The Race Begins

We've seen some changes over the last day and a half. Some good, some expected, some worrying me and Jeff. 

Let's start with the good:

William responded well to my milk, so he now gets to eat every six hours. When I held the syringe today, he squirmed a little when he started feeling it trickle down into his belly ❤

William was a lot calmer today. Probably because they went up on his pain medication a little yesterday, but also because he's on a different respiratory machine today. 

The nurses replaced one of the IVs that went into his belly with an IV that is in his leg and can be much more permanent, possibly even stay there for a month.

We taped a picture of Jeff and me to the incubator, William is looking right at it. If he opens his eyes, he'll see us, although he probably won't be able to see much.

The expected and more complicated news that puts is on edge:

He got switched to a different breathing machine. That in and of itself isn't bad, but the reasons for that happening (the blood pressure difference between his lungs and the rest of his body, and the heart bypassing blood flow to the lungs sometimes, leading to undersaturation of oxygen in the rest of his body). So today, with the ventilator, he's also on another drug/gas that is being mixed with his air to relax the blood pressure in his lungs.
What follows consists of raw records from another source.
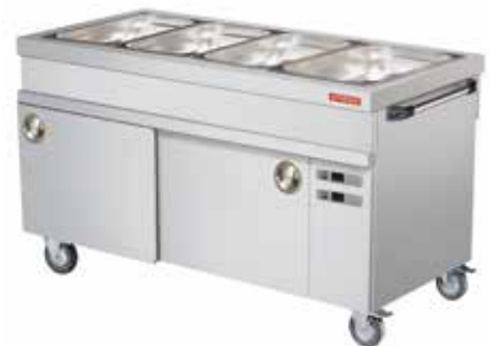
BAINMARIE WITH HOT CUPBOARD BTEB714HM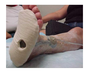
Figure 4. Application of 1/4 inch felt at week seven.

At week seven, the wound bed was clean, with less depth but with persistent rolled wound edges, despite debridement at each visit. It was decided to focus on further possible barriers to healing. The continued rolled wound edges suggested that offloading was not yet optimal. The use of ¼ inch Sammons Preston Orthopedic Felt<sup>®</sup> (Patterson Medical, Warrenville, IL, USA), an adhesive-backed felt, customized to offload the wound area and applied to the plantar surface of the foot, was initiated to further isolate pressure relief. AllKare Protective Barrier Wipe<sup>®</sup> (ConvaTec Inc, Greensboro, NC, USA), a skin prep product, was first applied liberally to the entire plantar surface. The negative pressure device was applied as noted earlier. The adhesive-backed felt pad was cut to fit the patient's plantar foot from the base of the toes to the heel. A relief hole was cut to correspond with the wound area. The felt was then applied directly to the plantar surface with the relief hole exposing the wound area. A DYNA-FLEX<sup>®</sup> (Systagenix, North Yorkshire, United Kingdom) three-layer compression wrap was then applied to the leg from the base of the toes to just below the knee. It was wrapped so that the negative pressure tubing was outside of the wrap to avoid additional pressure areas. The boot was then applied (Figures 4–6). All of this was changed twice a week at the wound clinic.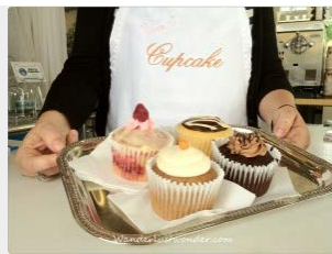
Viva La Cupcakes!

friendly town, Roanoke has plenty of bike paths. We spent a pleasant afternoon biking around one of the parks courtesy of River Greenway Bicycle Rentals . They carefully made sure our bikes were sized correctly, and that made our ride much more pleasant.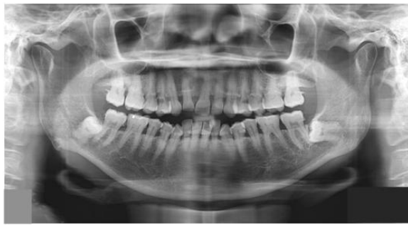
Figure 1. The picture of panoramic radiograph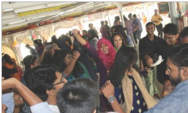
EDAS River Cruise 2017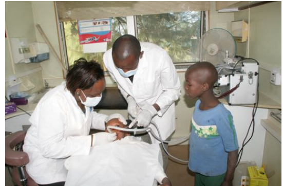
A young boy watches KDA dentists use a mobile operator to treat his brother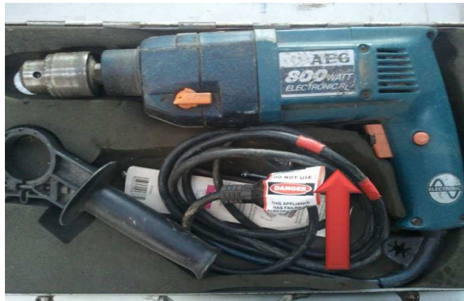
* Tag WS038 FAILED - Drill with a Damaged Lead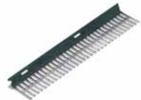
Eaves filler comb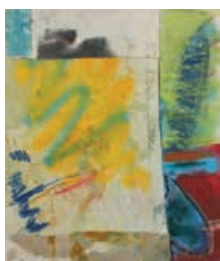
Endless things Growing , 2017 Oil, spray paint and collaged calico on board 38 × 31.5 cm £1,200

At the same time, he's been getting dopamine again, and they've increased the dose somewhat throughout the day. 

In addition, he was testing high for carbon dioxide in his blood, so they've had to turn up the ventilator to force William to take more breaths per minute. Over the course of the day, they've gradually had to keep increasing the breathing rate. He's getting close to maxing out the speed of the machine, so he may need to go back to the oscillator sometimes tonight. His latest blood test tonight looked good enough for them to leave the settings as is for now.

What we really need prayer for:

It seems that we have now reached a point where it's apparent that William's lungs have exhausted themselves and he needs more help. Now, we're in a bit of a race. Can his body grow and heal his lungs faster than they are being damaged by the life support he's receiving? We hope that the increased frequency of feeding with breast milk will give him what he needs to heal and beat the clock. It's also good that he got a break from the oscillator I guess, to change the stress he's been undergoing. So, pray that William's lungs will grow and heal faster than they are being hurt.